Required work: Could you please retype exactly the lines from the start of the records below through the line that contains "British journalist Piers", both included, and leave out the pictures?

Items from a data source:
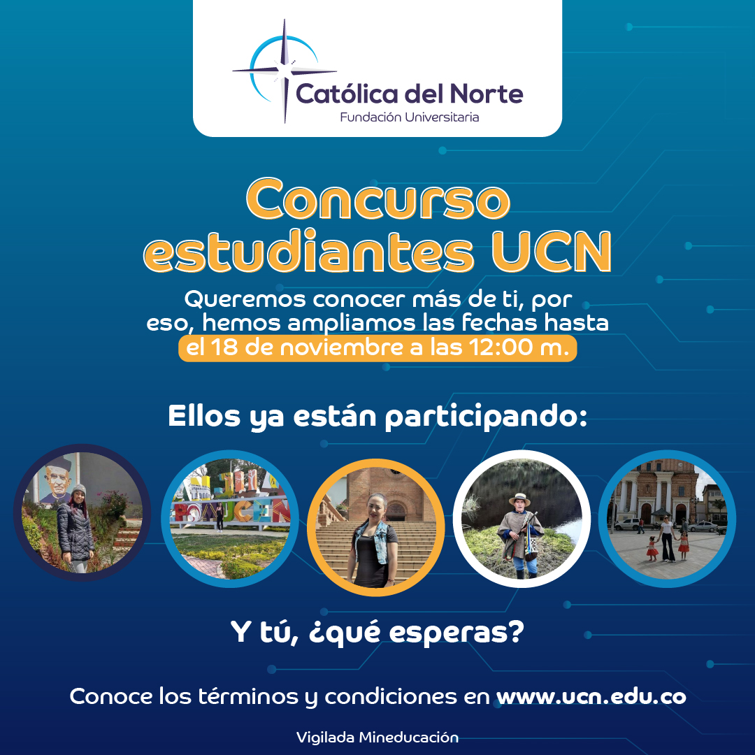 - Para participar el concursante deberá subir su foto a sus redes sociales (FB o IG) mostrando un lugar representativo del municipio o región donde se encuentra, indicando su nombre y el nombre del programa académico al que hace parte, municipio donde se encuentra y contándonos que es lo mejor de estudiar virtual, etiquetando la cuenta @soycatolicadelnorte y utiliza los hashtag #EstudianteUCN y #SoyUCN.
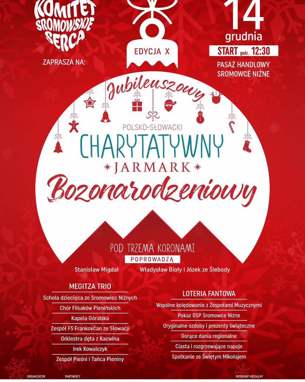 Komitet Sromowskie Serca zaprasza na X Jubileuszowy Polsko-Słowacki Charytatywny Jarmark Bożonarodzeniowy.
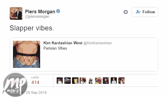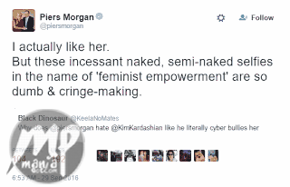 British journalist Piers Morgan branded Kim a ‘Slapper’ because she shared a new Nak3d selfie and he thinks it sends a “completely wrong message to the millions of young girls who follow her that the only path to feminist success is flashing Brea5ts.”
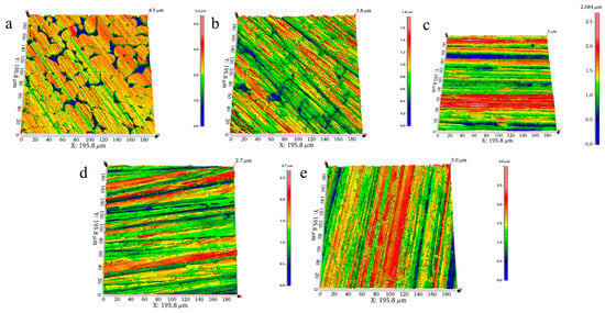 Three-dimensional images of the surface of FeCrMnxAlCu HEAs after immersion: (a) x = 0, (b) x = 0.5, (c) x = 1.0, (d) x = 1.5, (e) x = 2.0.
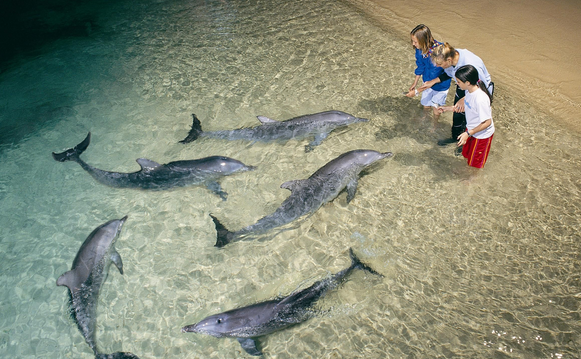 每天傍晚,天閣露瑪寬吻海豚會(huì)急切地游到海灘,在燈光明亮的碼頭旁邊,等待海豚護(hù)理人員和度假村的客人給它們喂食新鮮的魚兒。無論是親身參與喂食海豚,還是僅僅站在碼頭上觀看,都會(huì)被這些美麗的造物所感動(dòng)。
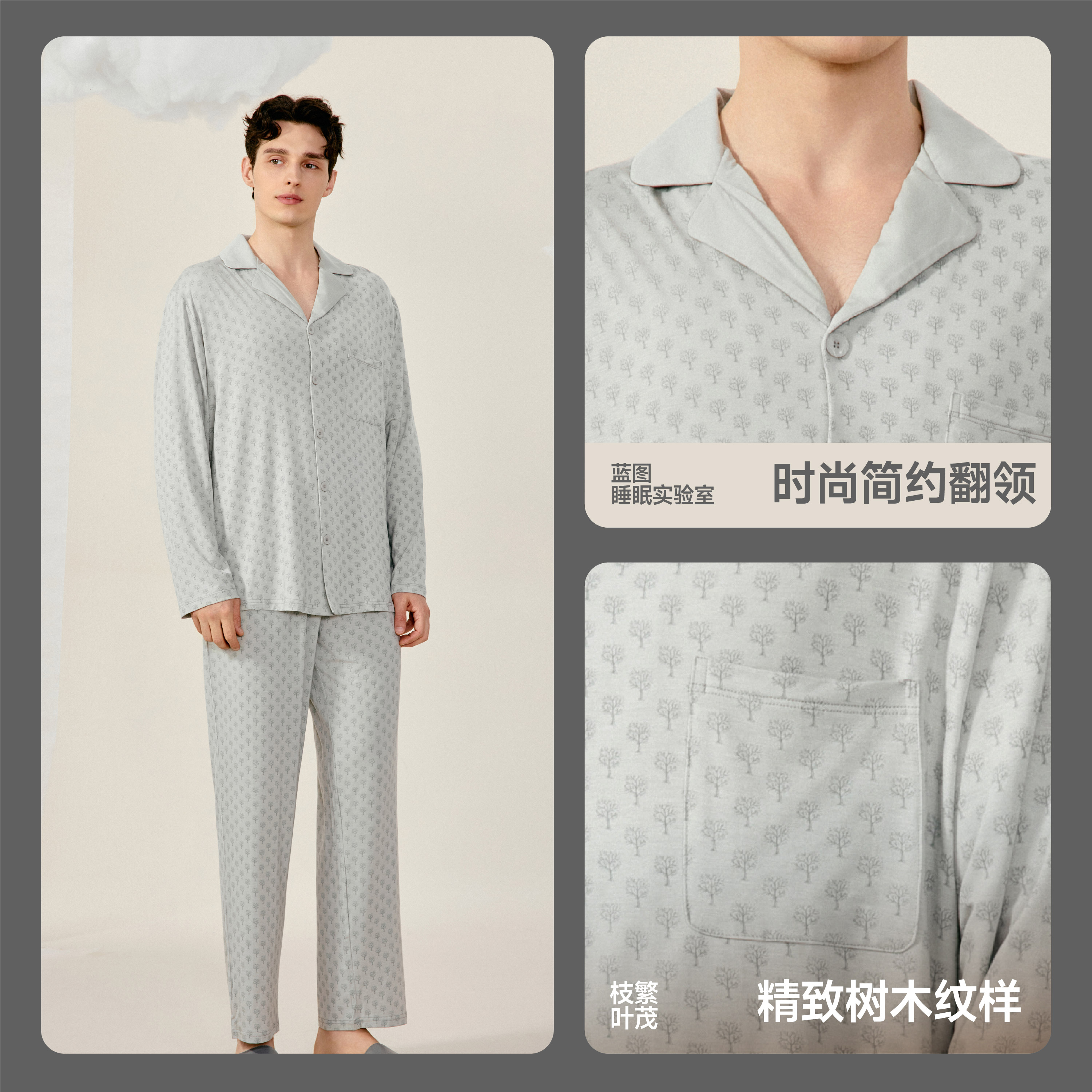 新款 套装 长袖 开衫 情侣睡衣女柔软莫代尔棉家居服男大码 贝妍春秋季

Solution:
 - Para participar el concursante deberá subir su foto a sus redes sociales (FB o IG) mostrando un lugar representativo del municipio o región donde se encuentra, indicando su nombre y el nombre del programa académico al que hace parte, municipio donde se encuentra y contándonos que es lo mejor de estudiar virtual, etiquetando la cuenta @soycatolicadelnorte y utiliza los hashtag #EstudianteUCN y #SoyUCN.
 Komitet Sromowskie Serca zaprasza na X Jubileuszowy Polsko-Słowacki Charytatywny Jarmark Bożonarodzeniowy.
 British journalist Piers Morgan branded Kim a ‘Slapper’ because she shared a new Nak3d selfie and he thinks it sends a “completely wrong message to the millions of young girls who follow her that the only path to feminist success is flashing Brea5ts.”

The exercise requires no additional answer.